Give again, word for word, the lines below that run from the line with "ȸ 㰳 3 ڽ( 3km, 5km, 7km, 10km)" through the line with "UNIQUE DESIGN –". Drop the pictures.

**Information**
..........

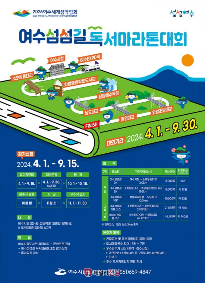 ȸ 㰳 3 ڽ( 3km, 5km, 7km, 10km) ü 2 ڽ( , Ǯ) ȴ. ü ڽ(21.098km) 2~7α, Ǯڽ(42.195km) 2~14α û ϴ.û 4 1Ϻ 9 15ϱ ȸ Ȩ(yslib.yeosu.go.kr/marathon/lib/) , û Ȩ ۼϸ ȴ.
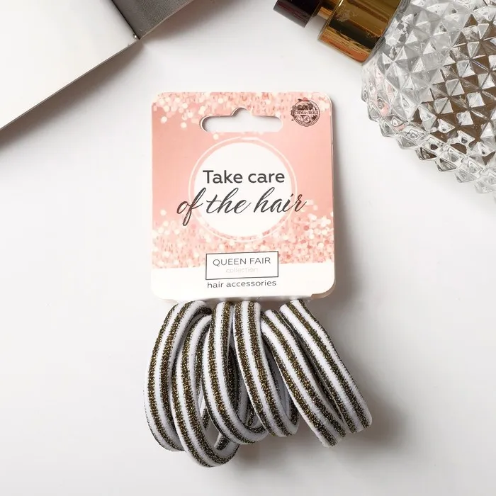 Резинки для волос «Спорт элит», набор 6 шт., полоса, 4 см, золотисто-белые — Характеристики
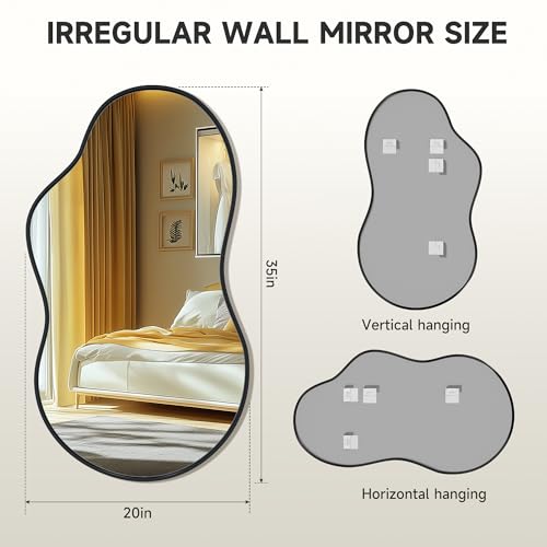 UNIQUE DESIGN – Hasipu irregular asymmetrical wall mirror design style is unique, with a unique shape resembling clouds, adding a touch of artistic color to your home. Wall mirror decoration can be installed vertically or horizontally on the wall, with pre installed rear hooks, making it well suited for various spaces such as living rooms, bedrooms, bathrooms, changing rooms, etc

..........

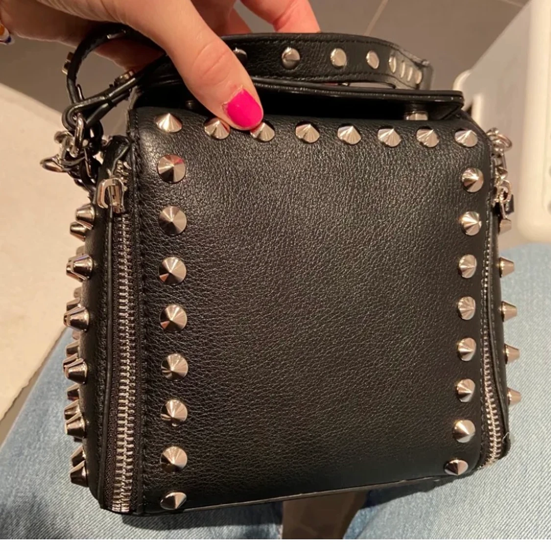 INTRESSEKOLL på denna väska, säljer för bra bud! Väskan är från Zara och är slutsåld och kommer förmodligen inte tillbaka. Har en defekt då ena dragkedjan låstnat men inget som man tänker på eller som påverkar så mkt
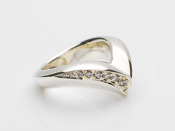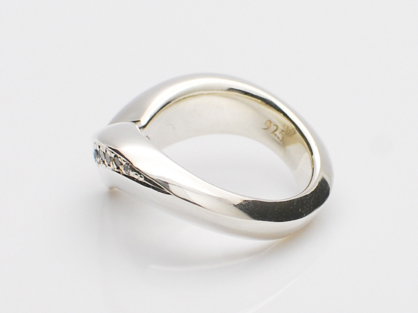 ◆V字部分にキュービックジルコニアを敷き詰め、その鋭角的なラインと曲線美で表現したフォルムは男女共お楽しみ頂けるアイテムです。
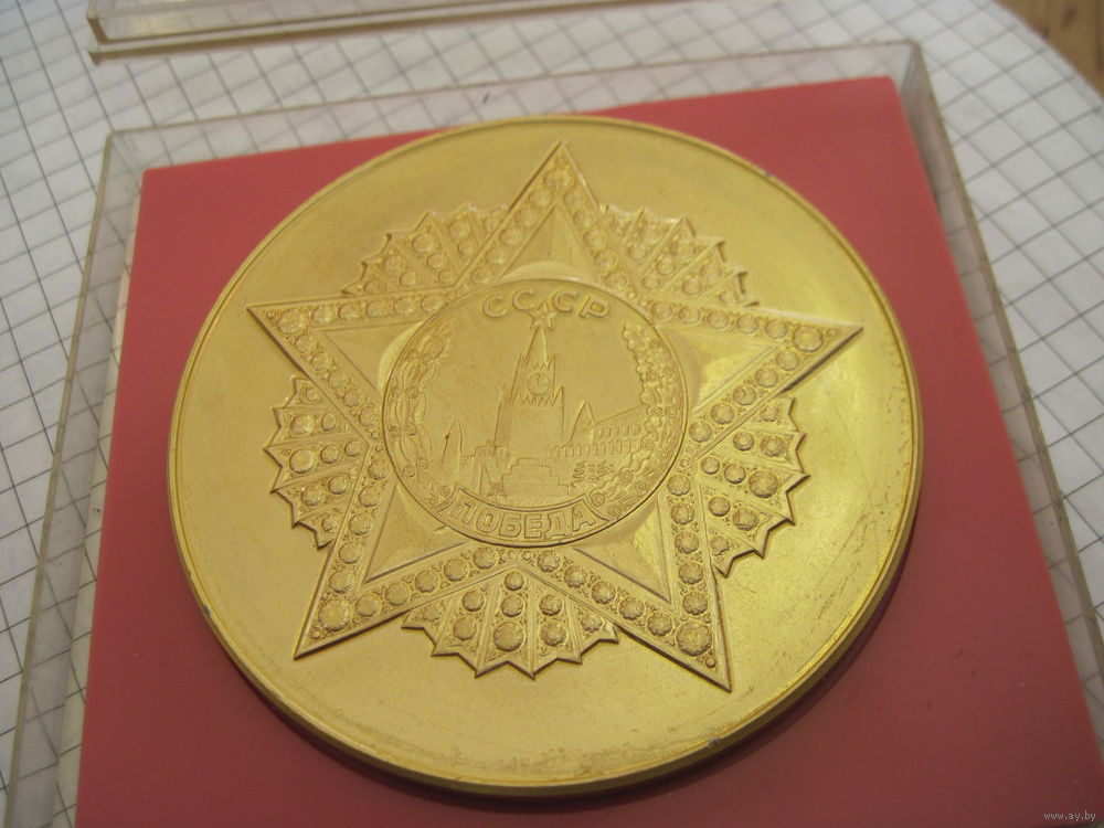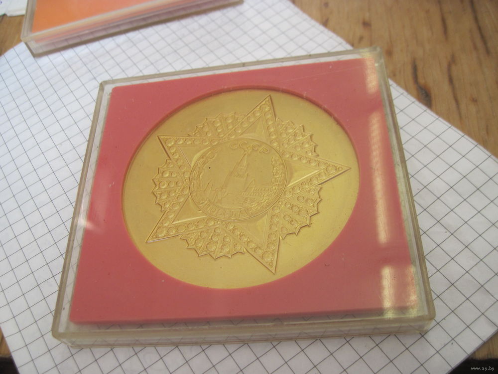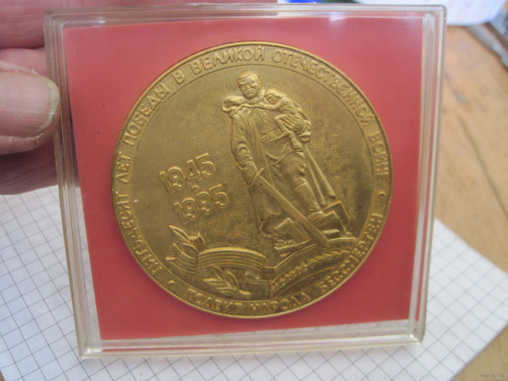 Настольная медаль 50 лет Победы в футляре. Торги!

..........

**Completed exercise**
 ȸ 㰳 3 ڽ( 3km, 5km, 7km, 10km) ü 2 ڽ( , Ǯ) ȴ. ü ڽ(21.098km) 2~7α, Ǯڽ(42.195km) 2~14α û ϴ.û 4 1Ϻ 9 15ϱ ȸ Ȩ(yslib.yeosu.go.kr/marathon/lib/) , û Ȩ ۼϸ ȴ.
 Резинки для волос «Спорт элит», набор 6 шт., полоса, 4 см, золотисто-белые — Характеристики
 UNIQUE DESIGN – Hasipu irregular asymmetrical wall mirror design style is unique, with a unique shape resembling clouds, adding a touch of artistic color to your home. Wall mirror decoration can be installed vertically or horizontally on the wall, with pre installed rear hooks, making it well suited for various spaces such as living rooms, bedrooms, bathrooms, changing rooms, etc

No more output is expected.